Full articles example
This is the complete articles resource from the chi REST example, showing all three composition tools working together:
package main
import (
"context"
"fmt"
"net/http"
"github.com/go-chi/chi/v5"
"github.com/go-chi/chi/v5/middleware"
)
func main() {
r := chi.NewRouter()
r.Use(middleware.RequestID)
r.Use(middleware.Logger)
r.Use(middleware.Recoverer)
// RESTy routes for "articles" resource
r.Route("/articles", func(r chi.Router) {
r.With(paginate).Get("/", listArticles) // GET /articles
r.With(paginate).Get("/{month}-{day}-{year}", listArticlesByDate) // GET /articles/01-16-2017
r.Post("/", createArticle) // POST /articles
r.Get("/search", searchArticles) // GET /articles/search
// Regexp url parameter:
r.Get("/{articleSlug:[a-z-]+}", getArticleBySlug) // GET /articles/home-is-toronto
// Subrouter with ArticleCtx middleware:
r.Route("/{articleID}", func(r chi.Router) {
r.Use(ArticleCtx)
r.Get("/", getArticle) // GET /articles/123
r.Put("/", updateArticle) // PUT /articles/123
r.Delete("/", deleteArticle) // DELETE /articles/123
})
})
http.ListenAndServe(":3333", r)
}
// ArticleCtx middleware loads an *Article from the URL and places it on the context.
func ArticleCtx(next http.Handler) http.Handler {
return http.HandlerFunc(func(w http.ResponseWriter, r *http.Request) {
articleID := chi.URLParam(r, "articleID")
article, err := dbGetArticle(articleID)
if err != nil {
http.Error(w, http.StatusText(404), 404)
return
}
ctx := context.WithValue(r.Context(), "article", article)
next.ServeHTTP(w, r.WithContext(ctx))
})
}
Resource-based sub-routers
A clean pattern for larger services is to define each resource as a struct with a Routes() method that returns a chi.Router.

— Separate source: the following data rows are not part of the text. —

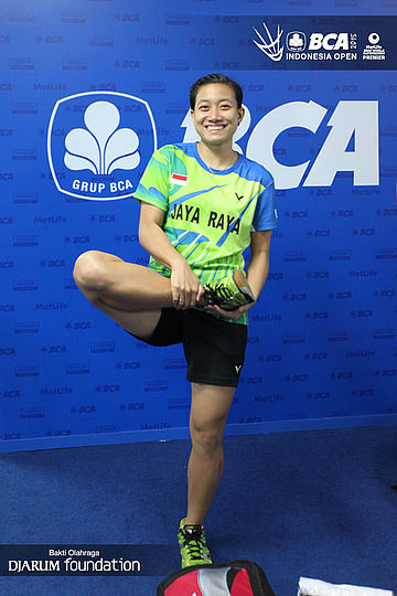 Melati Daeva O melakukan persiapan sebelum bertanding.
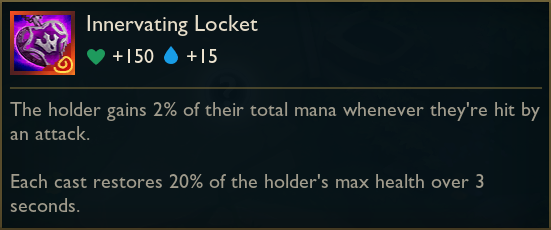 Người sở hữu nhận được hai phần trăm tổng lượng mana bất cứ khi nào họ bị tấn công. Mỗi lần sử dụng kỹ năng sẽ hồi phục 20 phần trăm lượng máu tối đa của chủ nhân trong ba giây. |
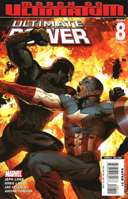 ULTIMATE POWER PART 8 The Earth-712 Squadron Supreme attacks the Ultimate force, with all sides clearly confused about the presence of more doppelgangers in Earth-31916. On the street, Thor defeats Hyperion and prepares to rejoin the melee when he is stopped by Dr. Spectrum, who reasons with Thor and asks him to help seek out the truth behind the entire affair. Dr. Doom defeats Iron Man and is attacked by the Thing, who rips Doom apart and reveals him as a Doombot. As Squadron Supreme (Earth-31916) attacks Squadron Supreme (Earth-712), Nighthawk approaches Captain America, mistaking him for the Captain America of Earth-616. Scarlet Witch reveals that her powers have resulted in this unusual doppelganger phenomenon. On the Helicarrier, Nick Fury orders Spider-Man to oversee the Hulk and act as his "conscience" as Hulk leaps into the fray.
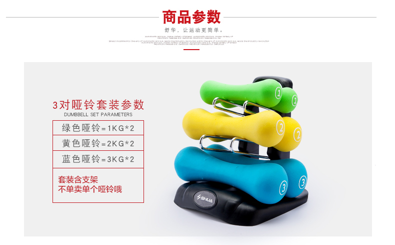 jiuyou.comSHUA浸塑哑铃套装 家用男士女士健身时尚环保健身运动器材
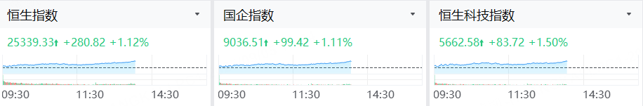 9月5日,恒生指數盤中漲超1%,恒生科技指數漲1.5%。
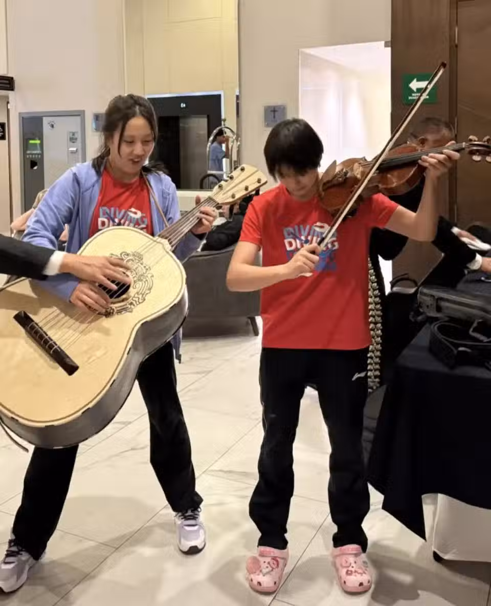 最有意思的還是這張照片:全紅嬋拉小提琴,陳若琳彈吉他,當然只是擺拍。指導老師還要求嬋寶:「收肚子,挺直背。」樣子非常可愛。
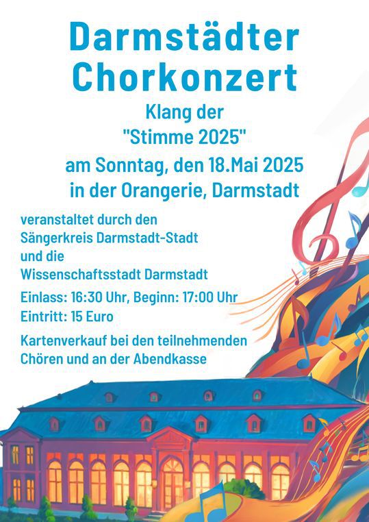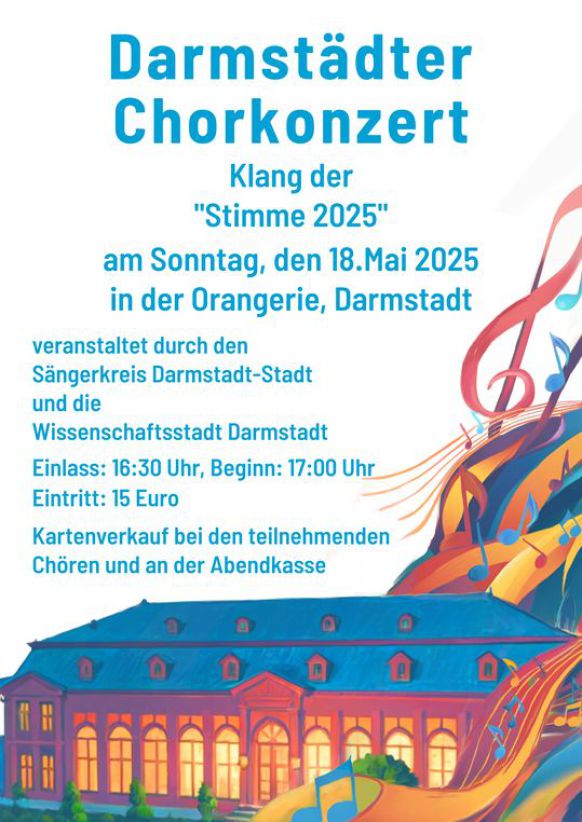 Der Sängerkreis Darmstadt-Stadt und die Wissenschaftsstadt Darmstadt veranstalten ein großes Chorkonzert am 18. Mai 2025 um 17 Uhr in der Orangerie Darmstadt. Hier präsentieren 7 Chöre die große Bandbreite der Darmstädter Chormusik, zusätzlich wird der Akkordeon-Konzertverein die Veranstaltung bereichern.
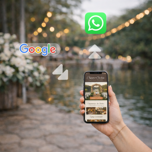 Vamos entender o seu negócio, o tipo de evento que você atende e o perfil do seu público. A partir disso, cuidamos de toda a implementação: textos, imagens, site, Google e WhatsApp.
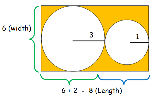 In order to find the area of shaded region, we have to subtract the areas of two circles from the area of rectangle.
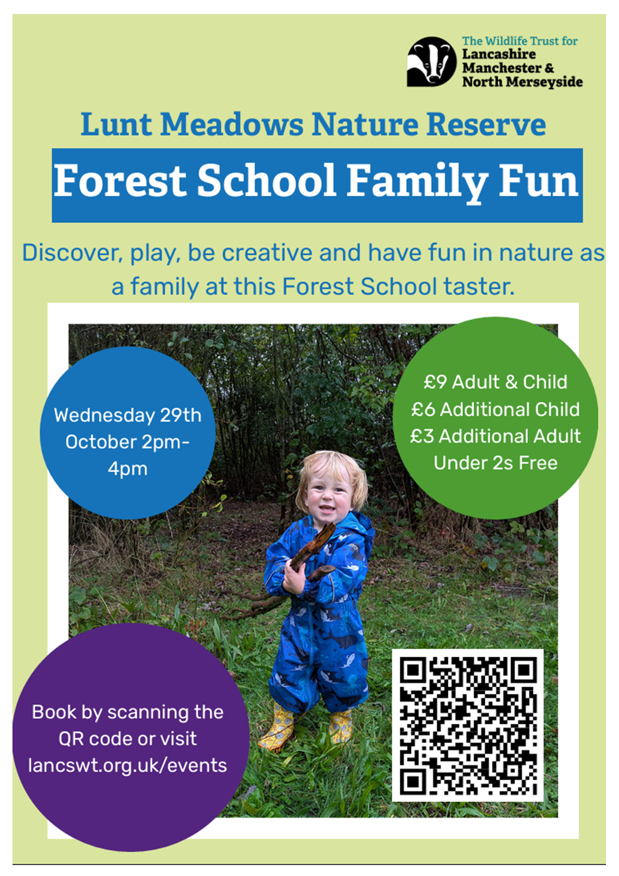 Nature Events on Maghull’s Doorstep: Forest School Taster, at Lunt Meadows (Wednesday 29.10.25).
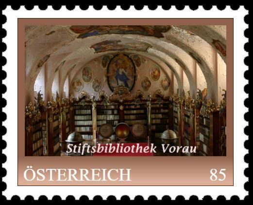 Die Initiale h aus dem Vorauer Riesenantiphonar (Codex 259/1),das 1360/61 im Raum Prag entstanden und 1435 von Propst Pranpeck für das Stift Vorau angekauft worden ist, wird von der figürlichen Darstellung der Geburt Christi geziert, die auch als Vorlage für die aktuelle Weihnachtsmarke mit christlichem Motiv dient. Aus diesem Anlass legt die Gilde St. Gabriel zwei personalisierte Briefmarken auf. Die erste zeigt die im 18. Jahrhundert prächtig im barocken Stil ausgestattete Vorauer Stiftsbibliothek. Die zweite zeigt mit dem Frühdruck aus dem Jahr 1504 die Anbetung der hl. Drei Könige und somit einen weiteren Schatz der Stiftsbibliothek.
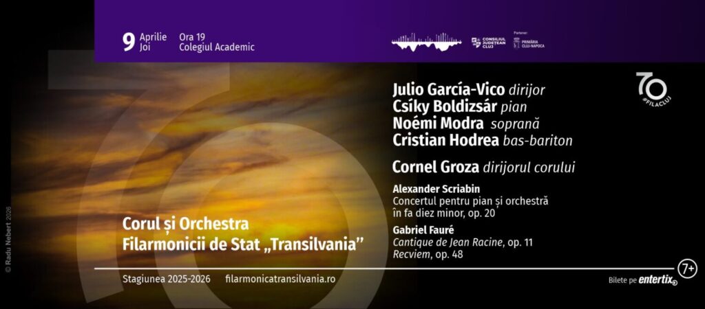 - Concert vocal-simfonic – dirijor Julio García-Vico, Filarmonica de Stat „Transilvania” → Colegiul Academic, Cluj-Napoca, ora 19.00
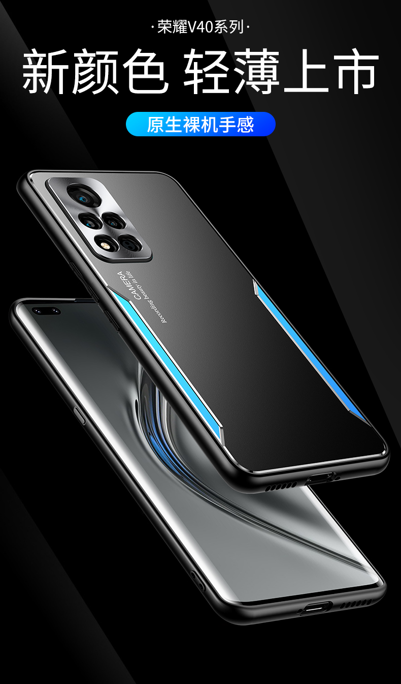 適用榮耀v40輕奢版玻璃金屬手機殼
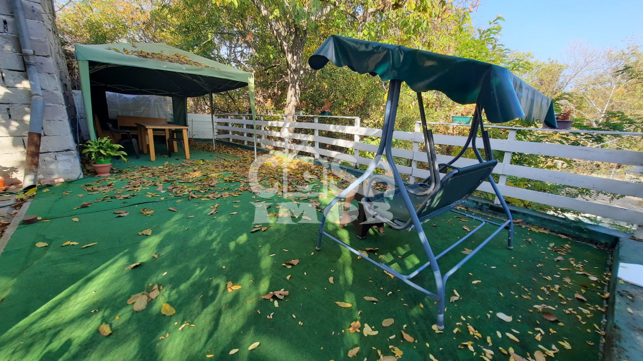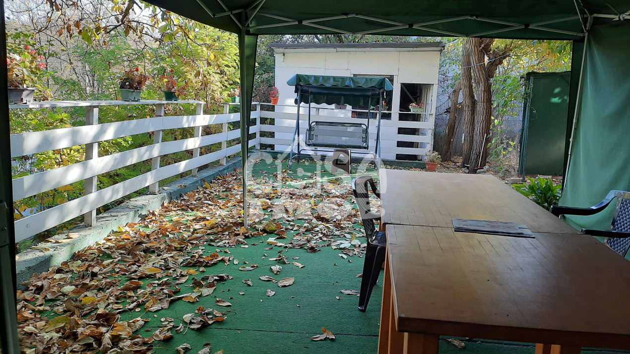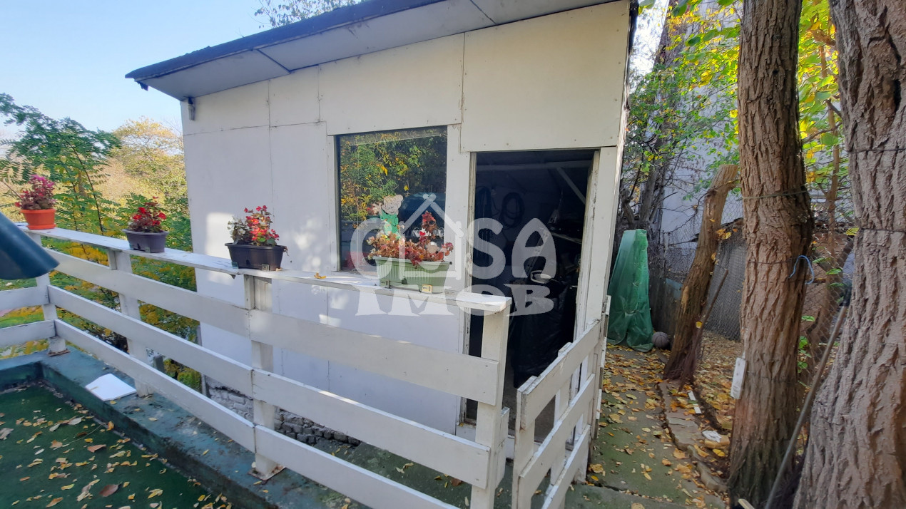 În spatele casei se află o terasă de 25 mp și o magazie construită din cărămidă pentru unelte de grădinărit și alte necesități.
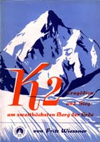 Fritz Wiessner: "K2 - Tragödien und Sieg am zweithöchsten Berg der Erde" Wichtiges Werk über die berühmte K2-Expedition 1939 von Fritz Wiessner, erschienen in nur einer kleinen Auflage (2000 Stück). Rother-Verlag (1.-3. Auflage 1955, es gibt keine weitere Auflage) |
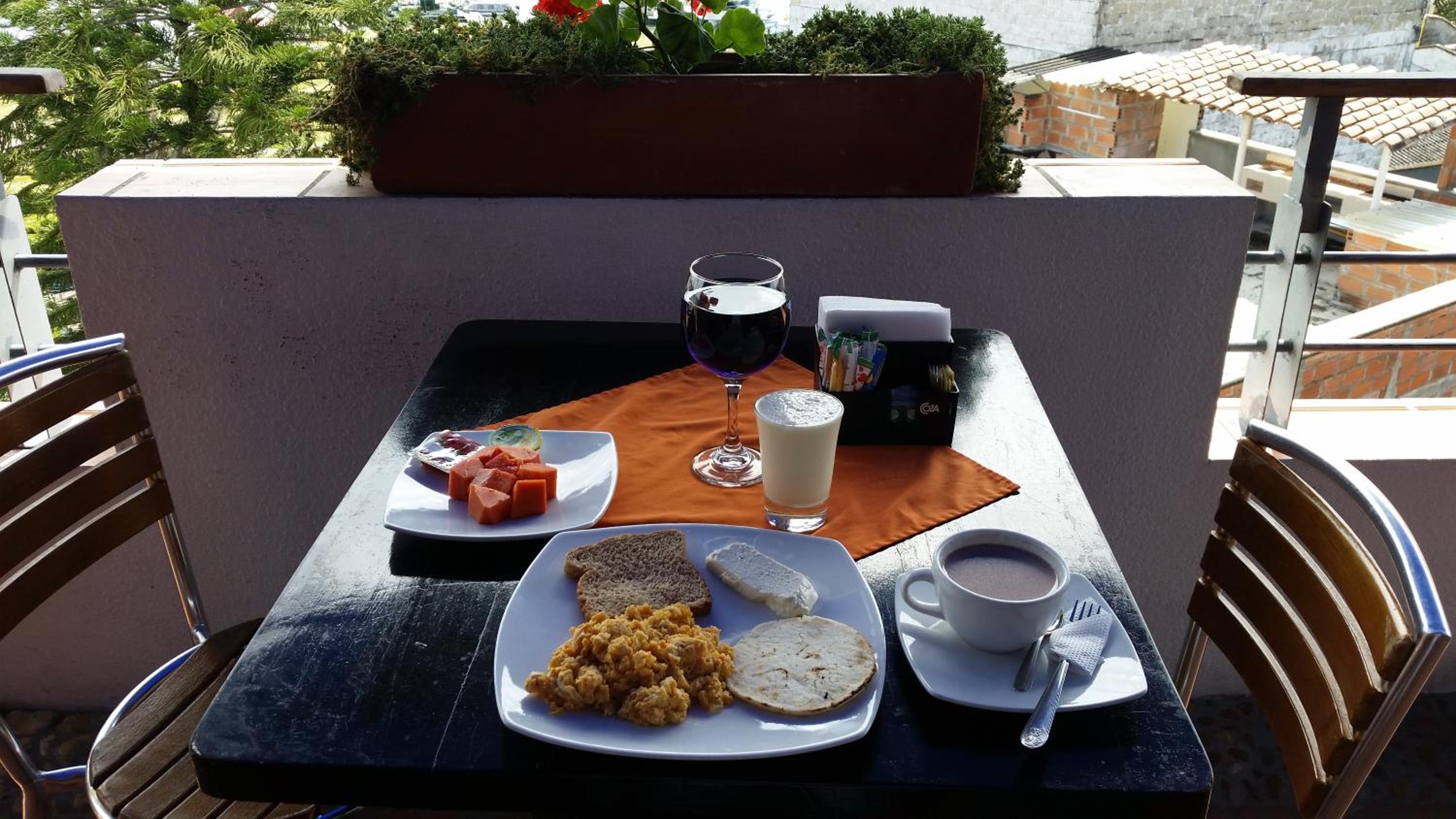Das Frühstück war typisch kolumbianisch, wogegen nichts einzuwenden ist. Leider gab es keine Auswahl: keine Möglichkeit einen Tee anstatt Kaffee zu bekommen oder die Schokolade in Wasser statt Milch zu bekommen. Obst oder Saft nicht zu bekommen, schade.

The returned router can then be mounted anywhere.
type todosResource struct{}
// Routes creates a REST router for the todos resource.
func (rs todosResource) Routes() chi.Router {
r := chi.NewRouter()
r.Get("/", rs.List) // GET /todos
r.Post("/", rs.Create) // POST /todos
r.Route("/{id}", func(r chi.Router) {
r.Get("/", rs.Get) // GET /todos/{id}
r.Put("/", rs.Update) // PUT /todos/{id}
r.Delete("/", rs.Delete) // DELETE /todos/{id}
r.Get("/sync", rs.Sync) // GET /todos/{id}/sync
})
return r
}
Mount the resource router in main:
func main() {
r := chi.NewRouter()
r.Use(middleware.RequestID)
r.Use(middleware.Logger)
r.Use(middleware.Recoverer)
r.Mount("/todos", todosResource{}.Routes())
r.Mount("/users", usersResource{}.Routes())
http.ListenAndServe(":3333", r)
}
Comparison table
| Tool | Creates path prefix | Own middleware stack | Scope |
|---|
r.Route(pattern, fn) | ✅ Yes | ✅ Yes | All routes inside fn |
r.Group(fn) | ❌ No | ✅ Yes | All routes inside fn |
r.With(mw...).Method(...) | ❌ No | ✅ Yes | Single route only |
Because r.Route is shorthand for creating a new router and calling r.Mount, you can
achieve identical results by constructing a chi.NewRouter() separately and mounting it.
r.Route is simply more concise for inline definitions.